§ EXERCISE BRIEF:
In the entries below, repeat only the lines between those holding "Men’s Casual Cotton" and "С праздником весны, очарования, красоты", inclusive. Leave pictures out.

§ DATA SUPPLIED:
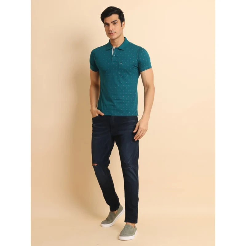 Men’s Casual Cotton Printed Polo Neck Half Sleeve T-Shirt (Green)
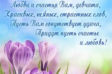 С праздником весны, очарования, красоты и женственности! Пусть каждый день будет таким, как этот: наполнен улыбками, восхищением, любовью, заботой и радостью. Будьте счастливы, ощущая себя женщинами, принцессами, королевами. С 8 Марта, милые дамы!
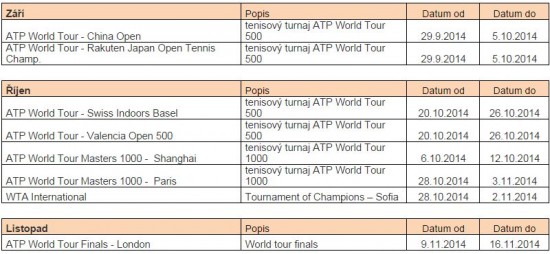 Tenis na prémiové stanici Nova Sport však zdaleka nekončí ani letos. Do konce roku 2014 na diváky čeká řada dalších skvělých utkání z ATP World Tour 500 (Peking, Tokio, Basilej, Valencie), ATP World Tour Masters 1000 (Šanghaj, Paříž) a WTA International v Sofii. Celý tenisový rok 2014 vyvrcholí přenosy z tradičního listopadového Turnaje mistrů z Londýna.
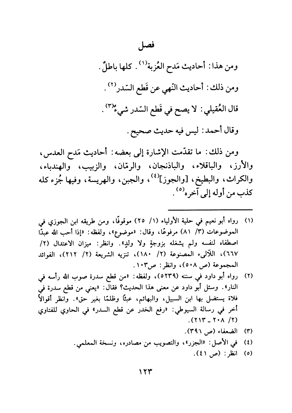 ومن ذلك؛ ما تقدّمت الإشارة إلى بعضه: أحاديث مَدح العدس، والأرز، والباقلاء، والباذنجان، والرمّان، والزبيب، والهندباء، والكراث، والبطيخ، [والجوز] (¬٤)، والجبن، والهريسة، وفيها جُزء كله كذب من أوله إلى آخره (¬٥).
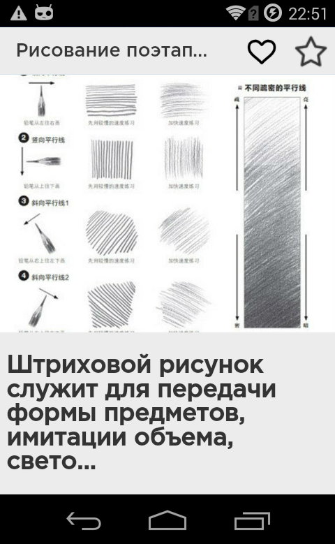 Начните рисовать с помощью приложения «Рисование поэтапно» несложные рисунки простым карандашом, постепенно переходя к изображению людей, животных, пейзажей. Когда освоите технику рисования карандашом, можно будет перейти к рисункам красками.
==
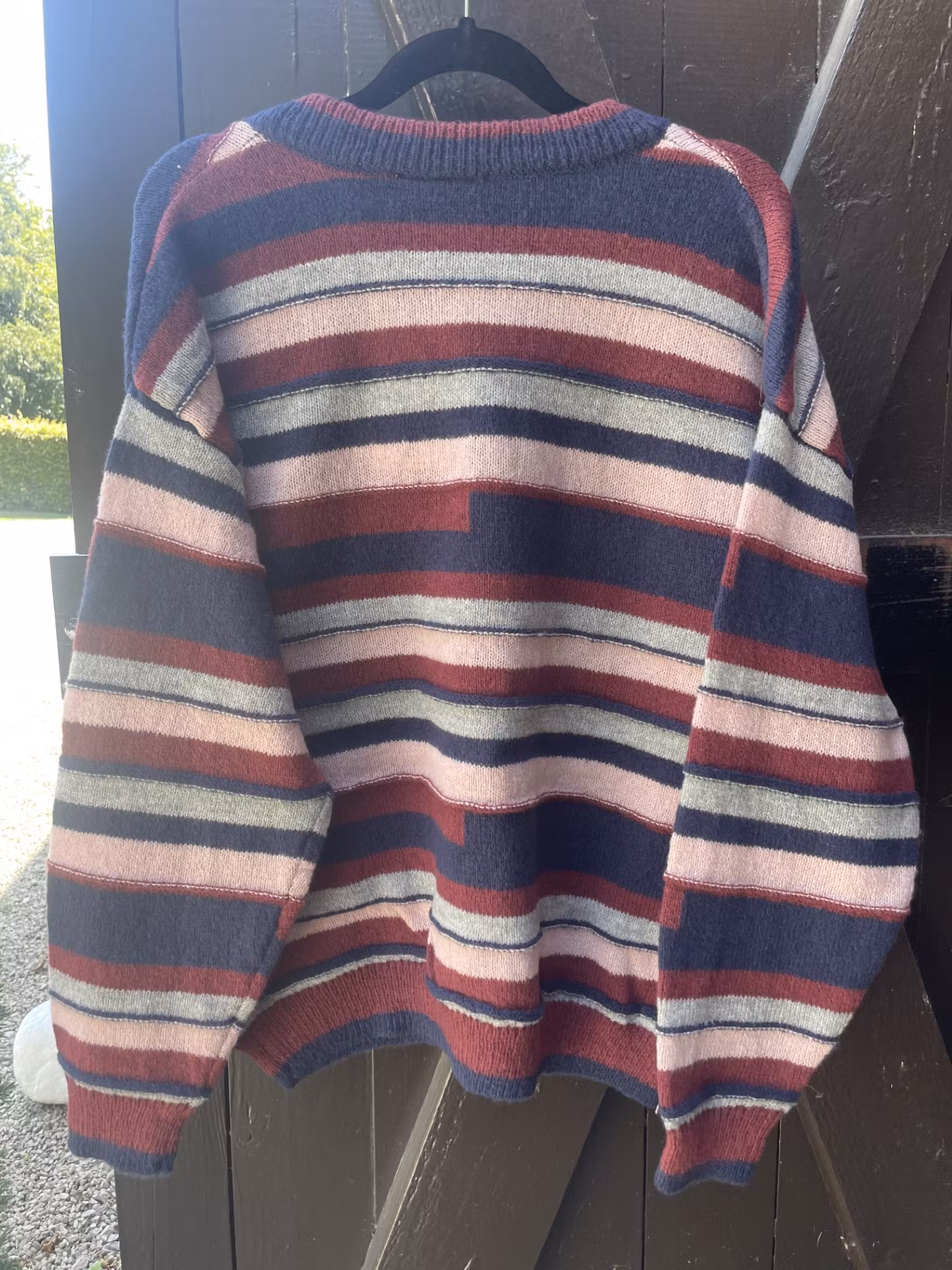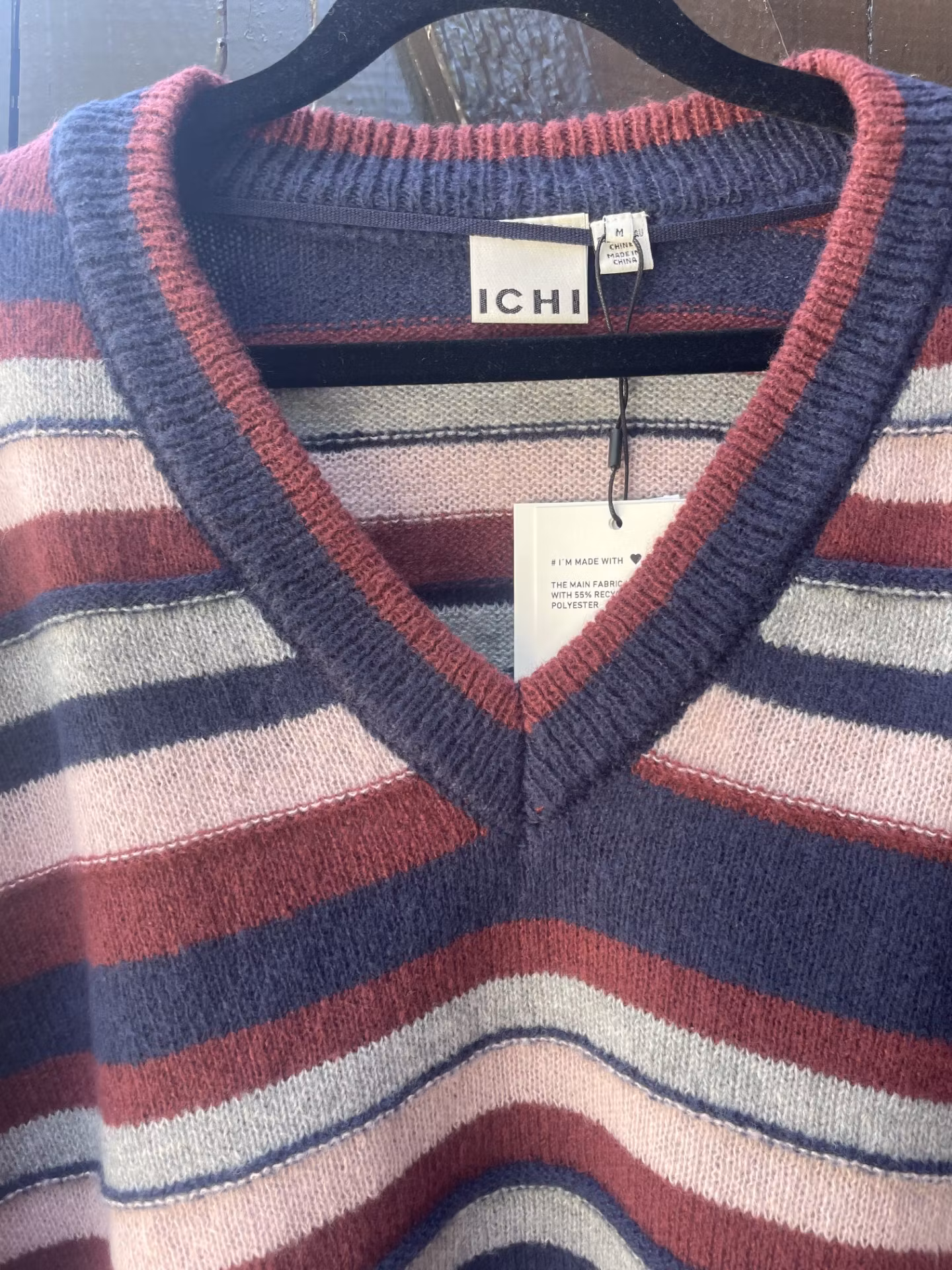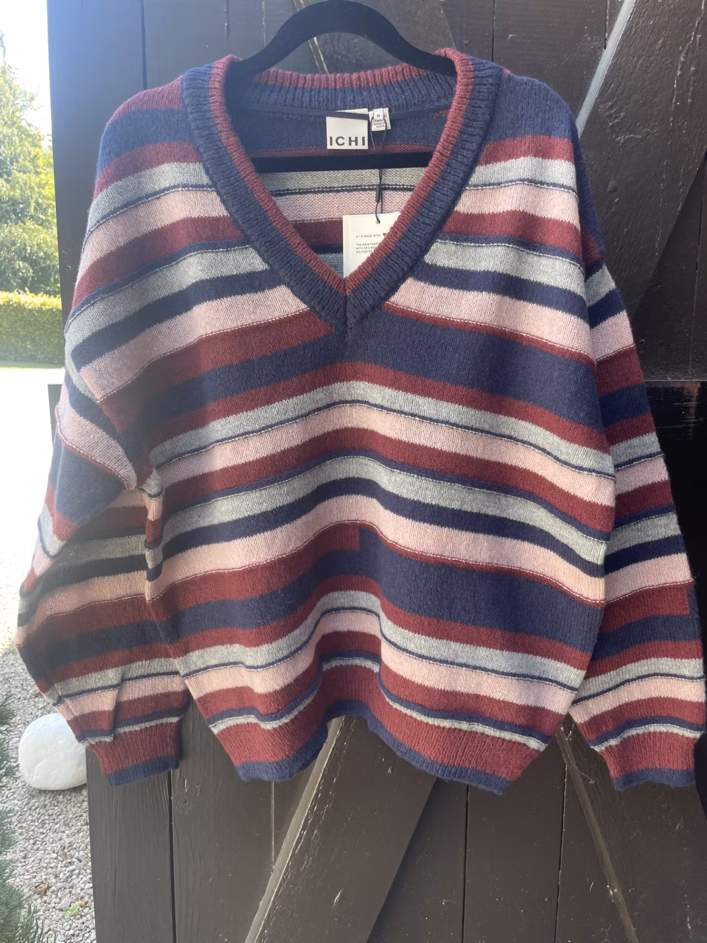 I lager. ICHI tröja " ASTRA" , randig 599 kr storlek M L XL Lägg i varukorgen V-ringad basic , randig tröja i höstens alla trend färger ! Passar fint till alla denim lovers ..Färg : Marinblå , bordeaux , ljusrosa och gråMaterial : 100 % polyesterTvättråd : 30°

§ SOLVED EXERCISE:
 Men’s Casual Cotton Printed Polo Neck Half Sleeve T-Shirt (Green)
 С праздником весны, очарования, красоты и женственности! Пусть каждый день будет таким, как этот: наполнен улыбками, восхищением, любовью, заботой и радостью. Будьте счастливы, ощущая себя женщинами, принцессами, королевами. С 8 Марта, милые дамы!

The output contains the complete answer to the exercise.